'If paywall doesn't work I'm in the shit', admits News Int's commercial chief

LONDON - News International's commercial leader, Paul Hayes, joked his neck could be on the line if the publisher's eagerly anticipated plans to erect paywalls around online content fail next month.

News Int's Hayes admits he wrote the business plan for paywall
News Int's Hayes admits he wrote the business plan for paywall

Speaking at Haymarket Brand Media's inaugural Big Media Debate, News International's Hayes admitted he "wrote the business plan" behind the controversial move, and suggested the quality of future journalism could depend on it.

"If [the paywall] doesn't work then I'm in the shit," said Hayes. "I think that if it doesn't work we face a future of less good media."

The Times and Sunday Times launched their redesigned websites today and will begin charging next month after offering registered users a free trial for one month.

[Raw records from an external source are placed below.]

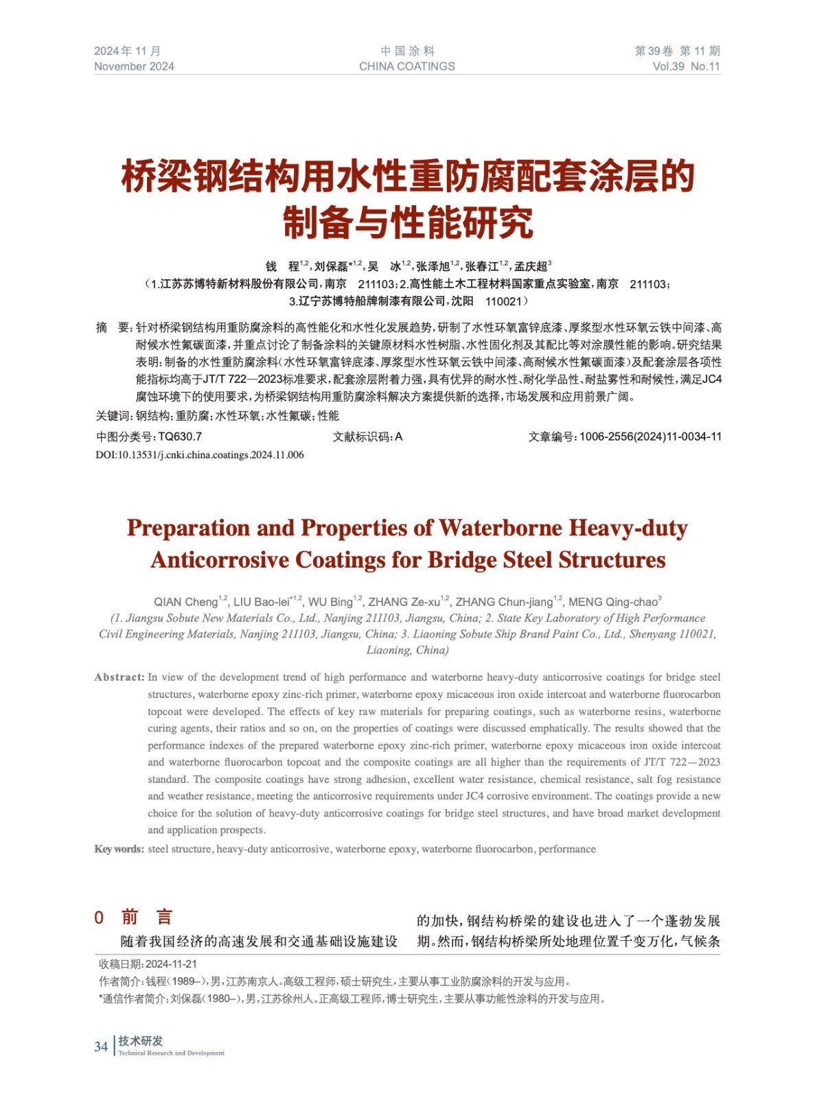 本文系作者@錢 程,劉保磊,吳 冰,張澤旭,張春江,孟慶超 授權中國涂料網發表,并經中國涂料網編輯,未經允許不得轉載,如需轉載請聯系chinacoatingnet@vip.163.com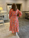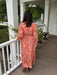 This Contrasting V-Neck Maxi Dress features a vibrant colorful pattern set against a warm orange background, enhanced by striking contrasting trim. The gathered waist flatters your silhouette, creating an elegant and comfortable fit perfect for any occasion.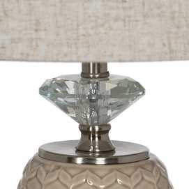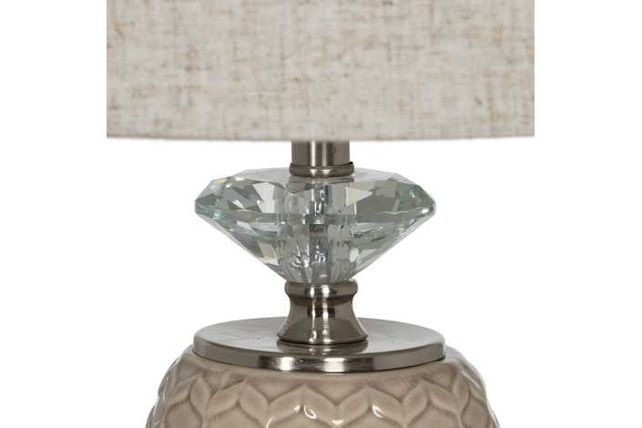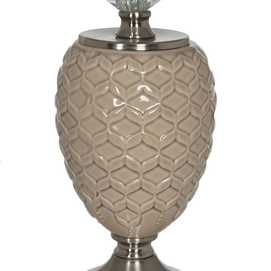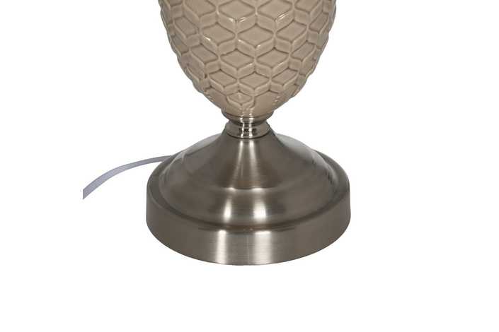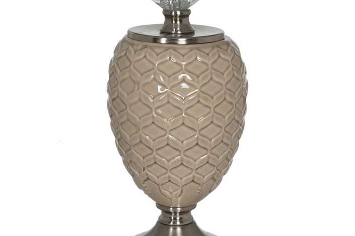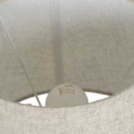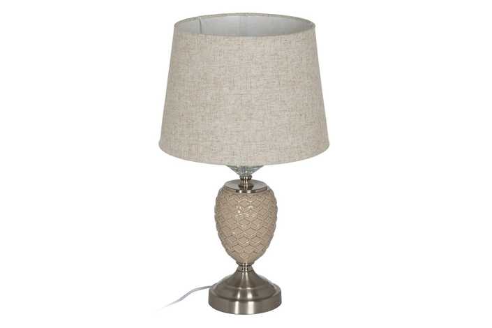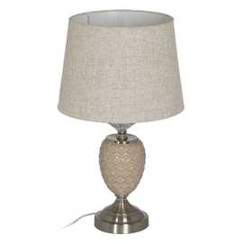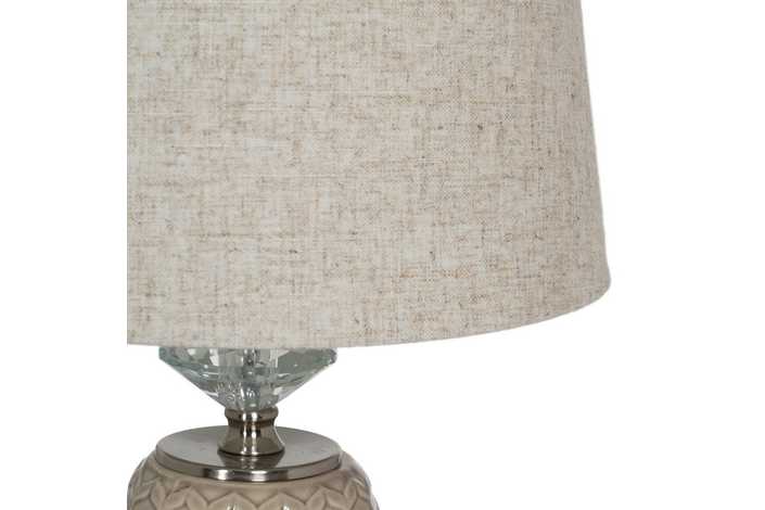 Material base: cerámica, cristal, metal. Material tulipa: 80% lino, 20% poliéster. Medida tulipa: 25x30x22.5cm. Medida base. 14x14x32cm. Voltaje: 220V. Casquillo: E27. Bombilla: 1*10W máx. led (no incluida). Longitud del cable: 180cm.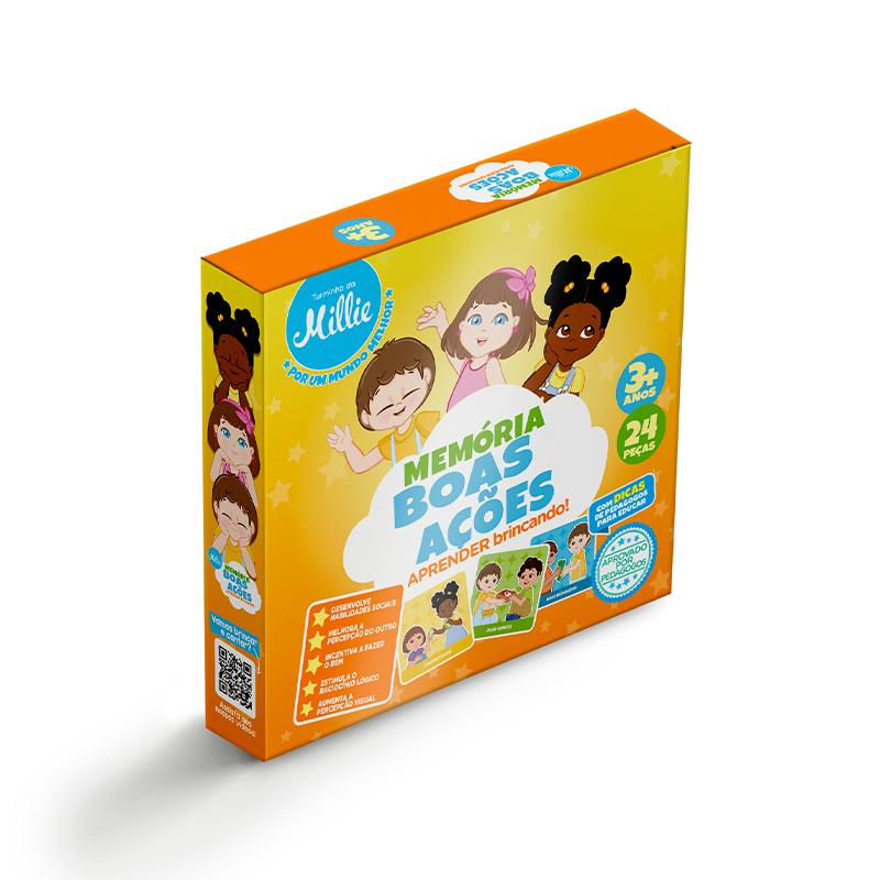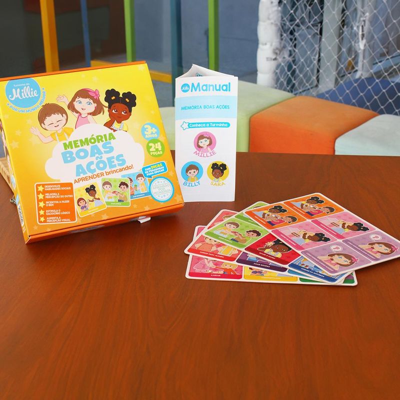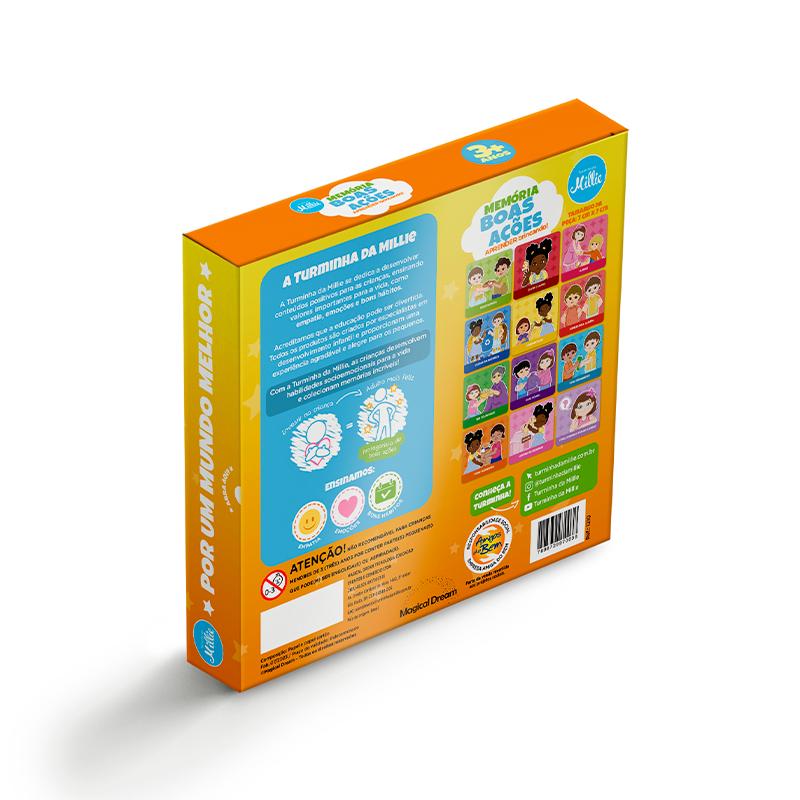 Apresentamos o empolgante Jogo de Memória Boas Ações, em que a diversão se combina com valores importantes. Um jogo educativo com 24 cartas grandes coloridas e ilustradas, mostrando os personagens da Turminha da Millie em ações positivas que ensinam sobre solidariedade, gentileza e empatia.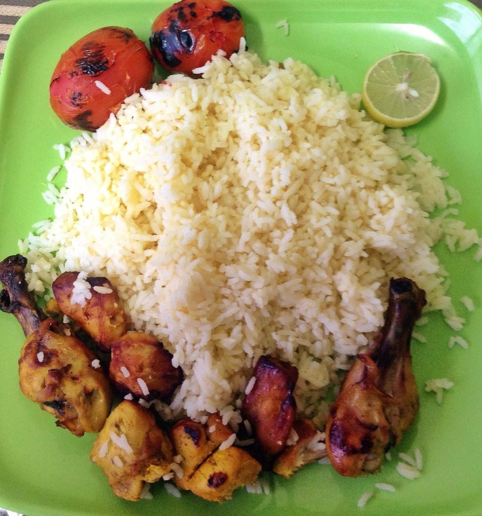 Mix the Chicken pieces well with Yogurt, Saffron, Lime juice, Black Pepper, Salt, Yellow Turmeric, 1 tablespoon Olive Oil. Marinate for about 4 hours.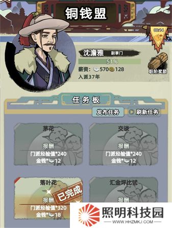 根據職位的不同影響薪水的不同,做門派任務得到經驗并通過門派武考升職。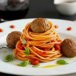 Arrabbiata Sauce, Confit Garlic Oil, Corned Beef Meatballs
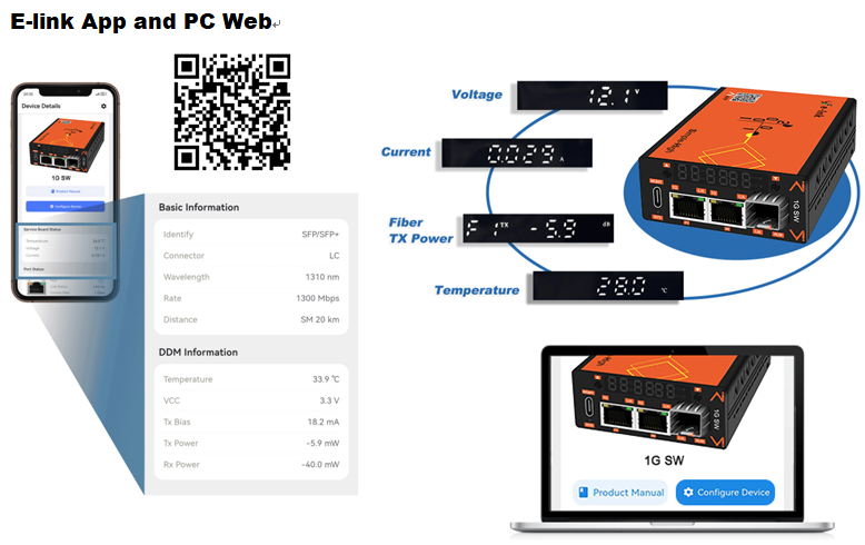 Other Fiber Optic & Networking Products► E-link's newly self-developed mobile APP and PC-based intelligent Web management.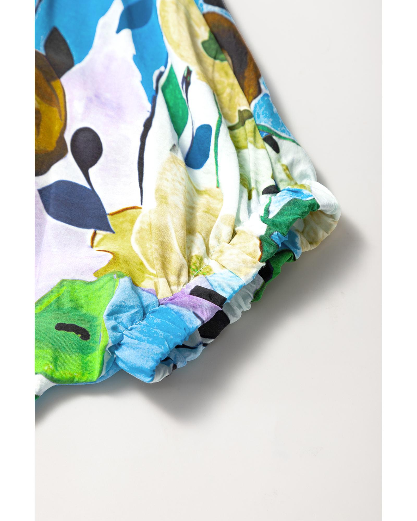 Light Blue Floral Print Slit V Neck Short Sleeve Blouse – S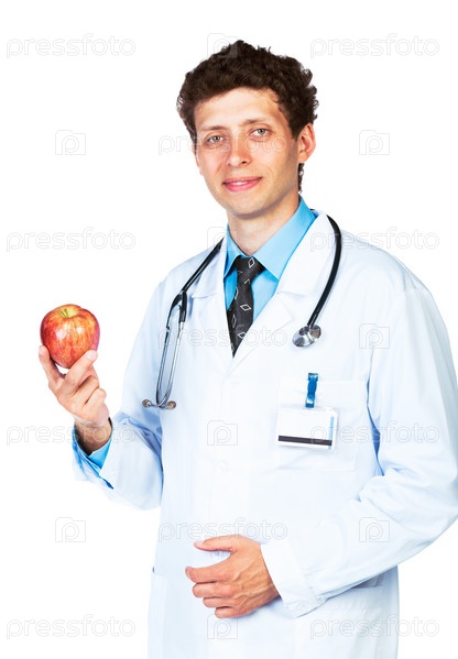 Портрет улыбающегося врача с яблоком

Once operational, users will be asked to pay £1 a day or £2 a week for access to both titles. Previously, content from both titles has been freely available through News International's Times Online site.

Hayes has led commercial operations at the publisher behind The Times and The Sun since June 2008, when he was promoted to managing director, commercial.

He dismissed suggestions that News International's online success was dependent upon other publishers implementing a similar subscription-model.

"I think it can work for our business and if others want to pursue their own models that's fine," he said.

"Digital is still a very, very, very young industry and people will experiment."

Meanwhile, James Harding, editor of The Times, has today suggested the success of the planned paywall could be pivotal to the survival of the quality newspaper.

Talking to Radio 4's 'Today' programme, Harding said: "Everyone talks a great deal about the viral capabilities of the web.

"We're worried that viral capability wipes us out and actually what's much more important to us is that we create a sustainable economics for the future of journalism online."